Si tratta di una questione politica assai sfaccettata. CONI Servizi era il braccio operativo del CONI, che dunque fino a due anni fa aveva una certa voce in capitolo nella distribuzione dei contributi alle varie federazioni – secondo criteri non del tutto trasparenti. Tutto è cominciato nel 2002, quando dopo anni di floridezza il CONI si è ritrovato immerso in un mare di debiti e il governo è stato costretto a intervenire istituendo la CONI Servizi Spa, società a cui sono stati trasferiti tutti gli onori (il patrimonio immobiliare, perlopiù) ma soprattutto gli oneri (gli oltre 2500 dipendenti e tutte le passività accumulate) del CONI. Gli obiettivi di questa manovra? Portare fuori dal bilancio dello Stato i debiti del CONI ed efficientare il suo modello organizzativo: finanziato dai contributi governativi e dai proventi di giochi e scommesse, il CONI doveva usare questi introiti per versare un canone a CONI Servizi (per i suoi… servizi) e per erogare i contributi alle federazioni.

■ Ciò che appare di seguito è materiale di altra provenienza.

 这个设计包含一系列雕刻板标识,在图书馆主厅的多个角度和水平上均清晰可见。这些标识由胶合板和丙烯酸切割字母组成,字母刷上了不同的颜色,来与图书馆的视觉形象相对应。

Con la breve parentesi di un tentativo (fallito) di soppressione di CONI Servizi nel dicembre 2007, saltiamo avanti di altri undici anni quando la legge di bilancio 2018 del governo giallo-verde – manovra avallata dai presidenti federali, Binaghi compreso, che in qualche modo hanno voltato le spalle a Malagò ritenendo di poter ottenere condizioni più vantaggiose con questo ‘ribaltone’ – ha conferito a CONI Servizi nuove competenze trasformandola nell’attuale ‘Sport e Salute’. Lo status giuridico di società per azioni a partecipazione totale del Ministero dell’Economia è rimasto lo stesso, ma oggi Sport e Salute gestisce gran parte (368 dei 408 milioni previsti per il 2019) del finanziamento statale al mondo dello sport. Soldi che vengono oggi erogati secondo diversi criteri, direttamente proporzionali allo stato patrimoniale, ai risultati sportivi e al numero di tesserati delle federazioni: da qui il ‘tesseramento selvaggio’ a cui si è dedicata la FIT negli ultimi anni, sino a diventare a fine 2018 la seconda federazione sportiva italiana per numero di tesserati.

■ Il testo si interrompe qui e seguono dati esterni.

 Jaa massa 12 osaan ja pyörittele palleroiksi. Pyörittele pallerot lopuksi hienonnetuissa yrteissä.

Sintetizzando brutalmente, Sport e Salute è oggi un’azienda molto più politica e ‘forte’ di ieri e soprattutto è completamente sfuggita al controllo del CONI, che rivendica dunque gli antichi privilegi.

Al momento, però, le gerarchie sembrano ben delineate. L’accordo per la spartizione del patrimonio immobiliare fotografa piuttosto fedelmente gli attuali rapporti di forza: il CONI gestirebbe i tre centri di preparazione olimpica (il ‘Giulio Onesti’ di Roma e quelli di Formia e Tirrenia, quest’ultimo assai rilevante per il settore tecnico FIT), in ottemperanza alla sua funzione di ente promotore dell’attività a cinque cerchi, mentre a Sport e Salute resterebbero lo Stadio Olimpico e il parco del Foro Italico. L’arrosto vero e proprio.